Artificial selection is the process by which humans deliberately breed organisms with desirable traits. Instead of the environment determining which traits are favorable, people make that choice.

Selective breeding involves choosing individuals with specific characteristics to mate, with the goal of enhancing or combining desired traits in future generations. Over many generations, this produces populations that look dramatically different from their ancestors.
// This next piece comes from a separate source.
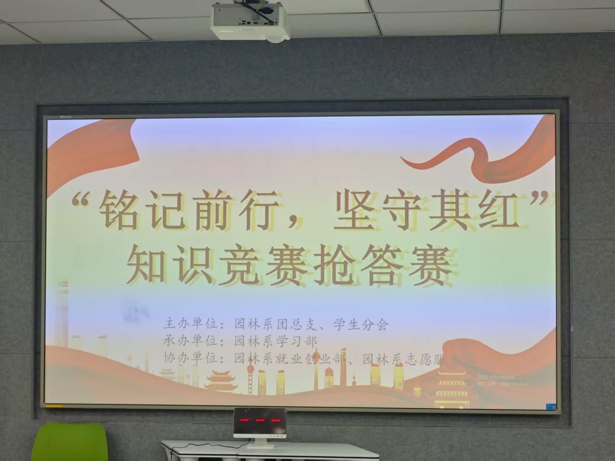 为深入传承红色基因,大力弘扬爱国主义精神,2025年5月6日,园林系成功举办“铭记前行,坚守其红”知识竞赛抢答赛。此次活动吸引了众多园林系学子踊跃参与,以知识竞答的形式,为同学们带来一场别开生面的红色文化学习之旅。

  • Dog breeds are a striking example. All domestic dogs descend from wolves, yet artificial selection has produced breeds as different as Chihuahuas and Great Danes in a relatively short evolutionary timeframe.
  • Crop plants have been selectively bred for thousands of years. Modern corn (maize) descends from teosinte, a wild grass with tiny ears. Centuries of selective breeding produced the large, high-yield ears we recognize today.

Relationship Between Artificial Selection and Evolution

Darwin actually used artificial selection as a key argument for natural selection. If humans can reshape a species in just a few hundred years through selective breeding, then nature, acting over millions of years, can produce even more dramatic changes.

Domestication is the long-term result of artificial selection applied to wild species. Domesticated organisms are genetically distinct from their wild ancestors. Dogs, cats, cattle, wheat, and rice have all been shaped by thousands of years of human-directed selection, resulting in traits (like tameness in animals or larger grain size in crops) that would not have been favored in the wild.

The core takeaway: artificial selection and natural selection operate by the same mechanism. Both require heritable variation, and both result in populations changing over generations. The only difference is who is doing the selecting.